■ WORK REQUEST: Reproduce exactly, and solely, the lines running from the top of the data below through the line with "tiger robot face", both inclusive. Omit pictures.

■ INFORMATION SUPPLIED:

--

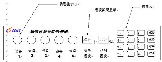此產品不愧為機房管理人員的好幫手。它收集各種通信設備的告警信息,檢測機房溫度、濕度。一發(fā)現(xiàn)有異常情況便立即發(fā)出聲光報警,同時讓遠端指示模塊發(fā)出告警,另外還會自動將告警信息送到您腰間的BP機,即使您出門在外也隨時洞悉機房異常情況。
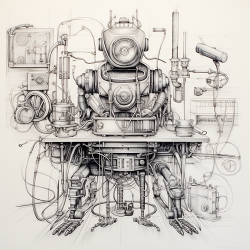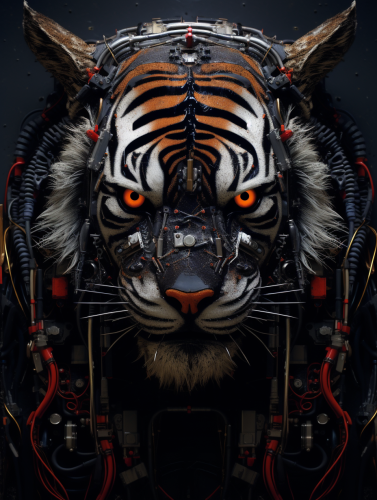 tiger robot face built into a wall covered in dark wires, chords, transistors, machine aesthetic, wallpaper, dark, --ar 9:12
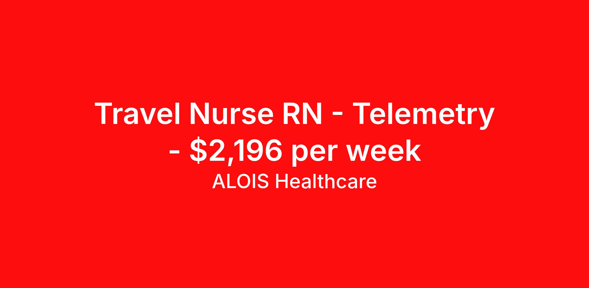 ALOIS Healthcare is seeking a travel nurse RN Telemetry for a travel nursing job in Bel Air, Maryland. Job Description & Requirements Specialty: Telemetry Discipline: RN Start Date: 04/06/2026 Duration: 13 weeks 36 hours per week Shift: 12 hours, nights Employment Type: Travel A telemetry RN has several job responsibilities including: Monitors EKG output and keeps doctors informed of any changes. Recording vital signs, including oxygen levels, blood pressure, breathing patterns, etc. Monitoring patient progress and updating patient medical records as needed. ALOIS Healthcare Job ID 17929514. Pay package is based on 12 hour shifts and 36.0 hours per week (subject to confirmation) with tax-free stipend amount to be determined. Posted job title: RN TELE About ALOIS Healthcare Why ALOIS Healthcare? ALOIS means “brave warrior” and that’s what you are- Warrior in Scrubs! Just as you advocate for your patients, we will advocate for you. The pay you deserve. The support you need. We’re in your corner for every battle – because you shouldn’t settle for anything less when it comes to your career. We offer: · Industry-leading pay Generous cost of living and housing stipends · Opportunities for referral, sign-on, and extension bonuses · Weekly health insurance or health insurance Marketplace weekly bonus · Continuing education credits We’re proud to be recognized globally as a certified minority-owned staffing supplier. At ALOIS Healthcare: · Everyone Matters · We are Performance Driven · We are Open, Honest and Direct · We are Transparent · We are Inclusive · We Do the Right Thing We care about you - and your success is our success.

--

■ RESULT BELOW:
此產品不愧為機房管理人員的好幫手。它收集各種通信設備的告警信息,檢測機房溫度、濕度。一發(fā)現(xiàn)有異常情況便立即發(fā)出聲光報警,同時讓遠端指示模塊發(fā)出告警,另外還會自動將告警信息送到您腰間的BP機,即使您出門在外也隨時洞悉機房異常情況。
 tiger robot face built into a wall covered in dark wires, chords, transistors, machine aesthetic, wallpaper, dark, --ar 9:12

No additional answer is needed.